Assignment ->
Each entry below must be written out exactly, with pictures left out.

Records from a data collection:
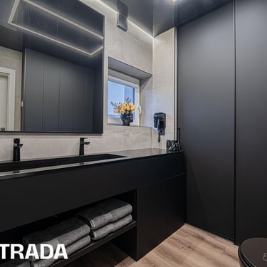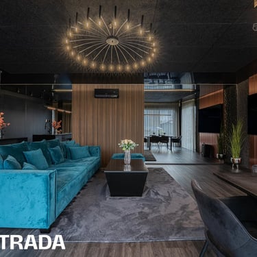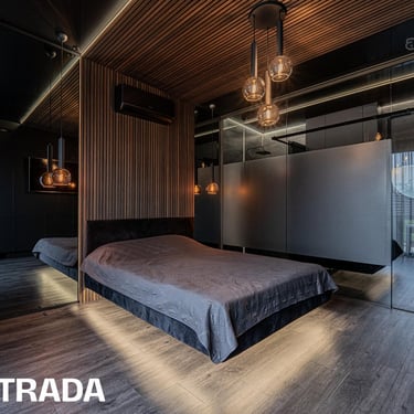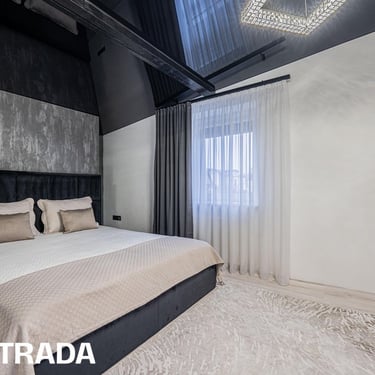 Sumontuotos įvairios LED apšvietimo zonos su spalvų pasirinkimu, elektriškai valdomos dieninės ir naktinės užuolaidos.
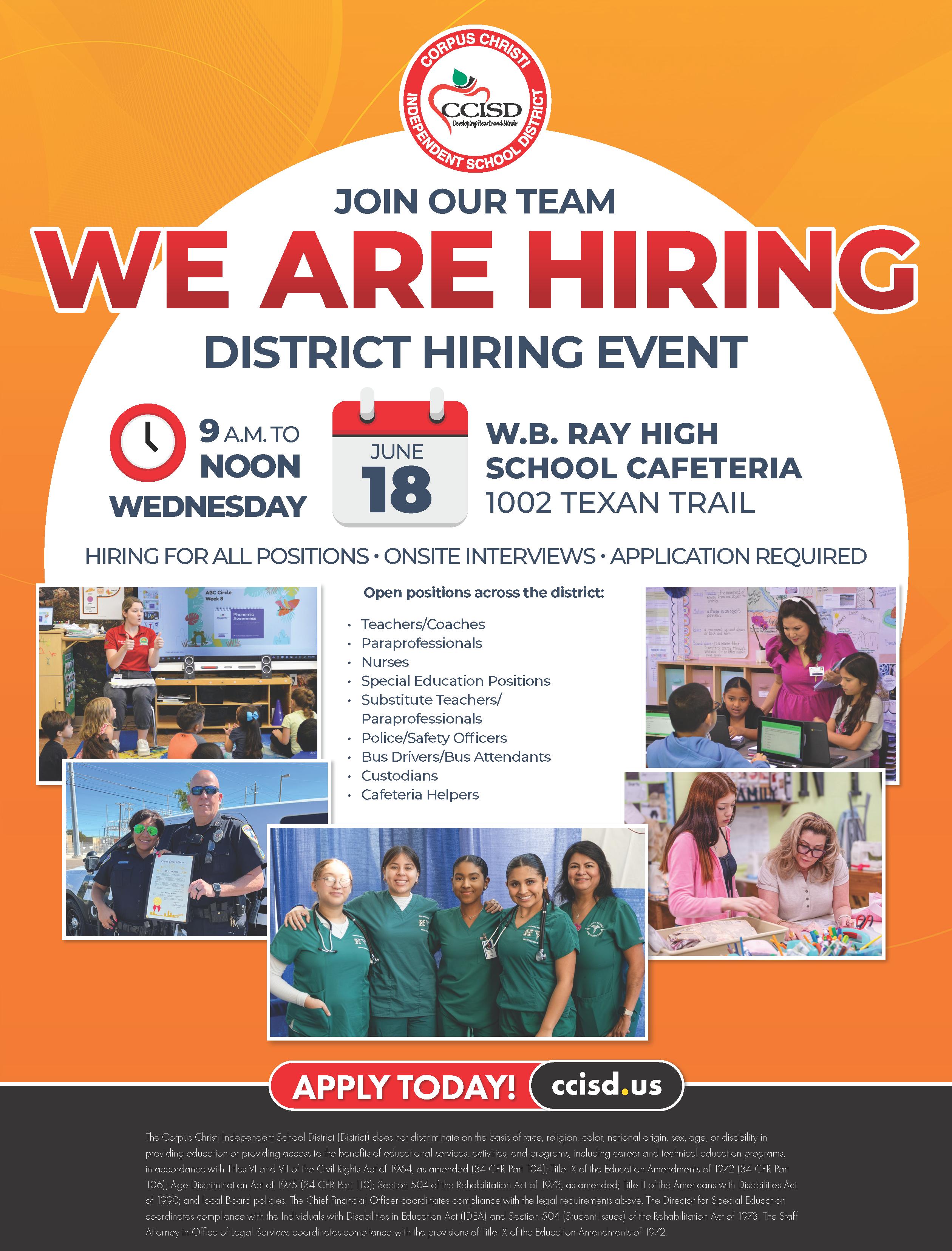 Do you know someone who would be a great addition to CCISD? Let them know about our upcoming job fair.
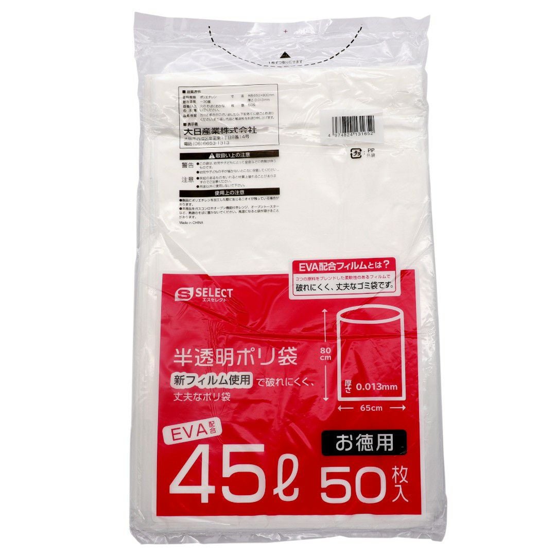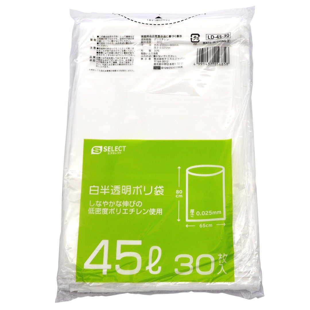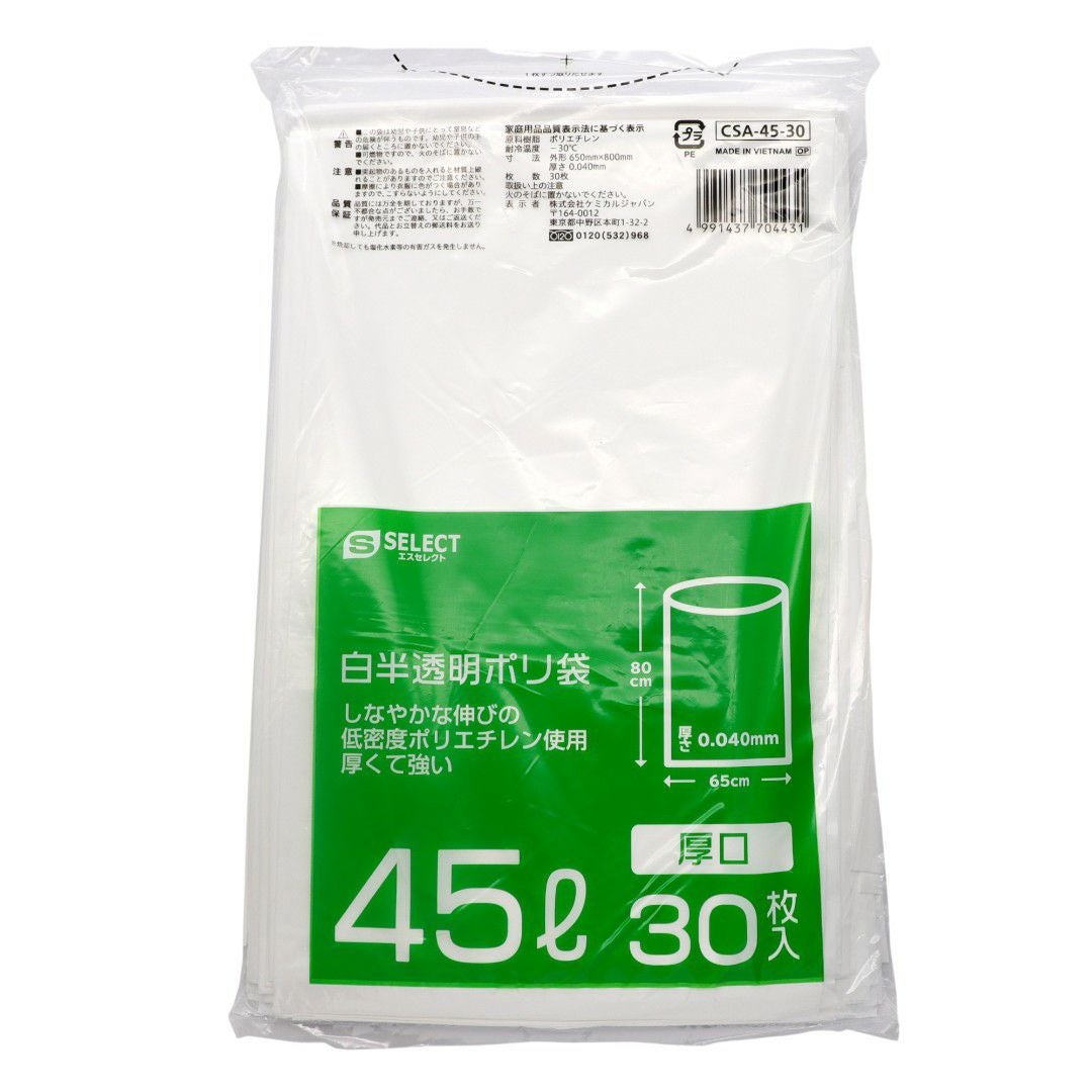 エスセレクト 白半透明ポリ袋 厚口 45L
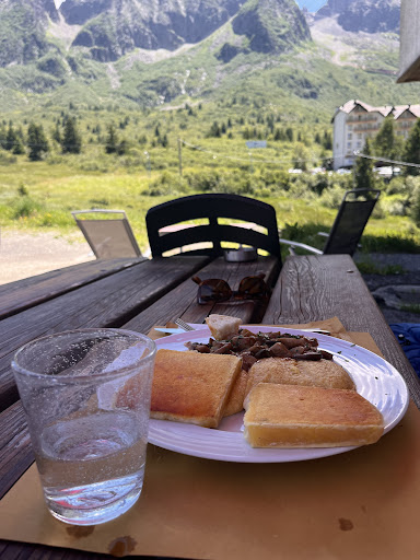 Read more31 Ottobre 2020 ore 13.00 Unico Ristorante aperto sul Passo del Tonale. Il parcheggio all'esterno è pieno ma condiviso da altre attività vicine. Entro e chiedo un tavolo per 4 e vengo accompagnato ad un tavolo nella zona bar, in vigore alle normative Covid19 lo apprezzo, ben distanziato. Il locale è ampio, ma allo stesso grazioso e accogliente. Il menu è ben fornito, ma come anche confermato dal titolare le porzioni sono abbondanti. Ho ordinato un Tagliere di Salumi e Formaggi piccolo, un po' originale l'impiattatura però accettabile, unica nota stonata il salame piccante della pizza assieme ai Salumi di montagna non era il massimo. Per i miei commensali una pasta all'arrabbiata, bella abbondante e gustosa. Per i piccoli una salamella alla griglia e una cotoletta accompagnati da tante patatine fritte. Come dolce scelgo uno strudel, la dotazione dei dolci è limitata da torte ben visibili sul bancone, e penso siano di produzione propria o fresche di giornata, infatti era buonissimo lo strudel. Conto nella media 60€.. Ci...
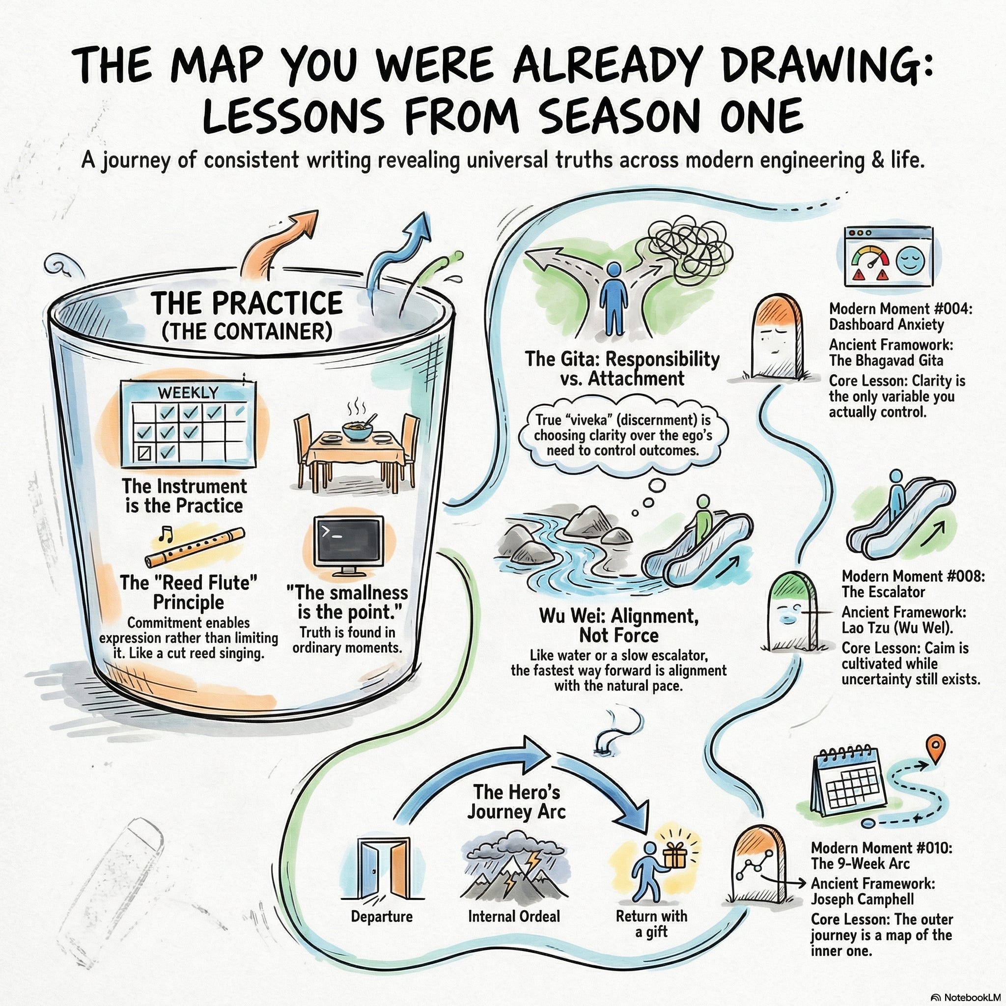 And underneath all of them — underneath Campbell’s arc and the Gita’s teaching and the river’s patient movement and the break that became the beginning — one question, asked nine different ways, in nine different weeks, by me, just trying to show up consistently:
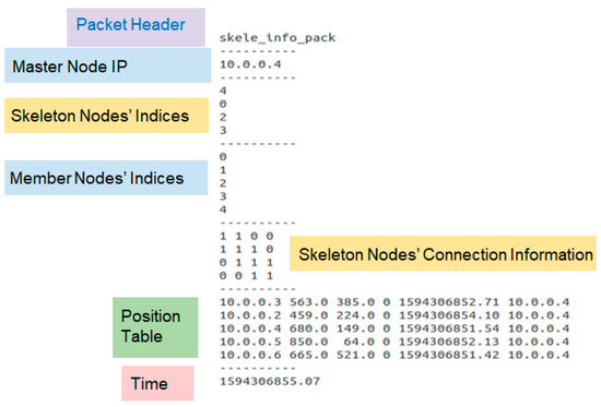 The selected UAVs encapsulate all the skeleton information and other necessary information into an SIP and distribute it to the network. Figure 13 shows an example of an SIP generated by the master node 10.0.0.4. The packet contains seven parts. The first part is the packet header. The second part indicates the master node’s IP address. The third and fourth parts contain skeleton information indices (already shown in Figure 5). The fifth part shows the connectivity information among skeleton nodes, and the sixth part is the position table. The seventh part records the time at which the master node distributes this packet.
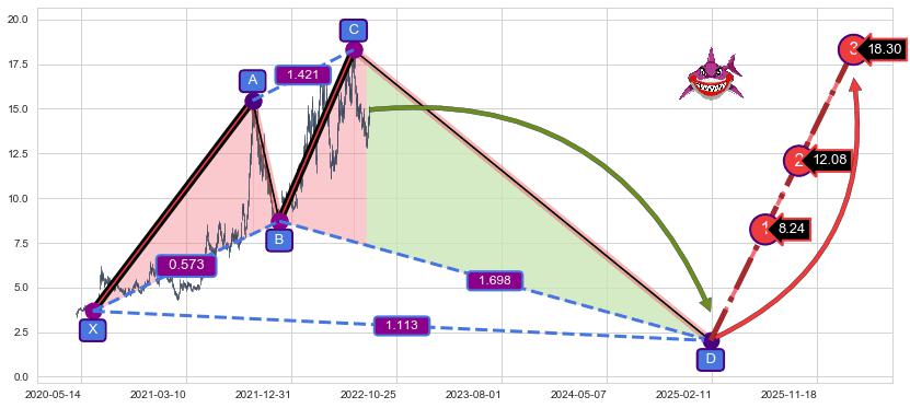 ➢ 谐波鲨鱼:b持续蓄力上拉击穿越过c:猜想泄力性下沉 → 下跌 →【拐点】强阻力临近 → 大趋势均值回复
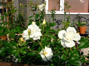 はぁ。。また雨が降るんだぁ。。自然には逆らえませんが、ガーデニング初心者な年に、、7月は長雨。大雨。夏は短く。日照不足。秋も雨が降らなくても夜露。嫌になっちゃいますぅ~。ここでぼやいていても仕方ないですね。気を取り直して、お昼に撮ったぉ写真載せてみました♪殆ど剪定ってやつをしないで自然体のフォーエバーとミニバラ。避難させて来ました~何が悪いのか・・届いたときに、ちらちらとしか咲かなかったプチダリア。やっと咲いてくれるみたい♪休むことなく、ずっと毎日咲いてくれてる昼咲き月見草☆ペンダンス?ん?ホワイトランタナ。。花色が変わるのかな? これって、、何て植物なんだろぉ~?フラワーショップで買ったときは、とっても細っこくて小ちゃかったんですが~今は、巨大化してます(汗)こんなになるとは思いません、知りませんでした。名前がわからないから、冬の管理もわからないわぁ~どなたかわかる方がいたら~教えてください~!
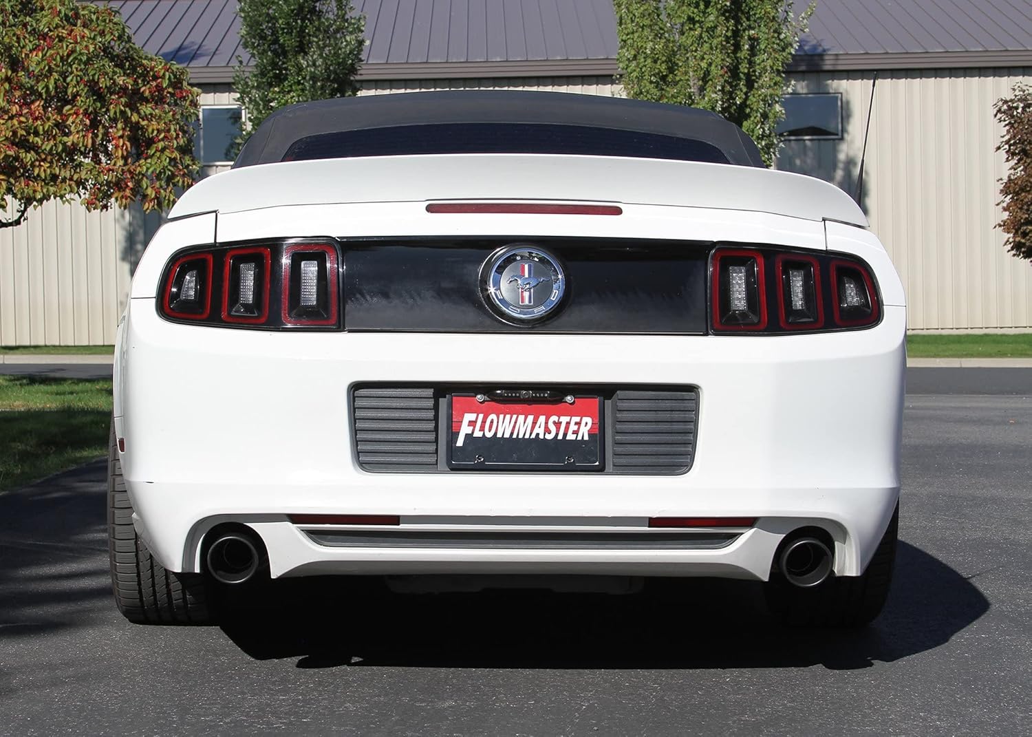 Fits 2011-2014 Ford Mustang 3.7-liter, Flow FX Axle-Back 2.5-inch Stainless Steel Exhaust System, 4.0-inch Black Ceramic Tips, Dual Out Rear Exit. Flowmaster introduces our Flow FX stainless steel axle-back exhaust system for the 2011-2014 Ford Mustang with the 3.7-liter engine. This system uses a Flow FX series muffler for a moderate to mild sound level and increased performance. Mandrel bent 2.5-inch 409 stainless steel tubing allows for maximum exhaust flow and durability. The system uses larger 4.00-inch black ceramic-coated stainless steel tips for a custom look. Max dyno gains of 7 hp and 6 lb-ft at the rear wheels over stock. All of the necessary hardware is included, and factory-mounting locations are used for an easy installation. Backed by Flowmaster's Lifetime Limited Warranty.

Reply ->
 Sumontuotos įvairios LED apšvietimo zonos su spalvų pasirinkimu, elektriškai valdomos dieninės ir naktinės užuolaidos.
 Do you know someone who would be a great addition to CCISD? Let them know about our upcoming job fair.
 エスセレクト 白半透明ポリ袋 厚口 45L
 Read more31 Ottobre 2020 ore 13.00 Unico Ristorante aperto sul Passo del Tonale. Il parcheggio all'esterno è pieno ma condiviso da altre attività vicine. Entro e chiedo un tavolo per 4 e vengo accompagnato ad un tavolo nella zona bar, in vigore alle normative Covid19 lo apprezzo, ben distanziato. Il locale è ampio, ma allo stesso grazioso e accogliente. Il menu è ben fornito, ma come anche confermato dal titolare le porzioni sono abbondanti. Ho ordinato un Tagliere di Salumi e Formaggi piccolo, un po' originale l'impiattatura però accettabile, unica nota stonata il salame piccante della pizza assieme ai Salumi di montagna non era il massimo. Per i miei commensali una pasta all'arrabbiata, bella abbondante e gustosa. Per i piccoli una salamella alla griglia e una cotoletta accompagnati da tante patatine fritte. Come dolce scelgo uno strudel, la dotazione dei dolci è limitata da torte ben visibili sul bancone, e penso siano di produzione propria o fresche di giornata, infatti era buonissimo lo strudel. Conto nella media 60€.. Ci...
 And underneath all of them — underneath Campbell’s arc and the Gita’s teaching and the river’s patient movement and the break that became the beginning — one question, asked nine different ways, in nine different weeks, by me, just trying to show up consistently:
 The selected UAVs encapsulate all the skeleton information and other necessary information into an SIP and distribute it to the network. Figure 13 shows an example of an SIP generated by the master node 10.0.0.4. The packet contains seven parts. The first part is the packet header. The second part indicates the master node’s IP address. The third and fourth parts contain skeleton information indices (already shown in Figure 5). The fifth part shows the connectivity information among skeleton nodes, and the sixth part is the position table. The seventh part records the time at which the master node distributes this packet.
 ➢ 谐波鲨鱼:b持续蓄力上拉击穿越过c:猜想泄力性下沉 → 下跌 →【拐点】强阻力临近 → 大趋势均值回复
 はぁ。。また雨が降るんだぁ。。自然には逆らえませんが、ガーデニング初心者な年に、、7月は長雨。大雨。夏は短く。日照不足。秋も雨が降らなくても夜露。嫌になっちゃいますぅ~。ここでぼやいていても仕方ないですね。気を取り直して、お昼に撮ったぉ写真載せてみました♪殆ど剪定ってやつをしないで自然体のフォーエバーとミニバラ。避難させて来ました~何が悪いのか・・届いたときに、ちらちらとしか咲かなかったプチダリア。やっと咲いてくれるみたい♪休むことなく、ずっと毎日咲いてくれてる昼咲き月見草☆ペンダンス?ん?ホワイトランタナ。。花色が変わるのかな? これって、、何て植物なんだろぉ~?フラワーショップで買ったときは、とっても細っこくて小ちゃかったんですが~今は、巨大化してます(汗)こんなになるとは思いません、知りませんでした。名前がわからないから、冬の管理もわからないわぁ~どなたかわかる方がいたら~教えてください~!
 Fits 2011-2014 Ford Mustang 3.7-liter, Flow FX Axle-Back 2.5-inch Stainless Steel Exhaust System, 4.0-inch Black Ceramic Tips, Dual Out Rear Exit. Flowmaster introduces our Flow FX stainless steel axle-back exhaust system for the 2011-2014 Ford Mustang with the 3.7-liter engine. This system uses a Flow FX series muffler for a moderate to mild sound level and increased performance. Mandrel bent 2.5-inch 409 stainless steel tubing allows for maximum exhaust flow and durability. The system uses larger 4.00-inch black ceramic-coated stainless steel tips for a custom look. Max dyno gains of 7 hp and 6 lb-ft at the rear wheels over stock. All of the necessary hardware is included, and factory-mounting locations are used for an easy installation. Backed by Flowmaster's Lifetime Limited Warranty.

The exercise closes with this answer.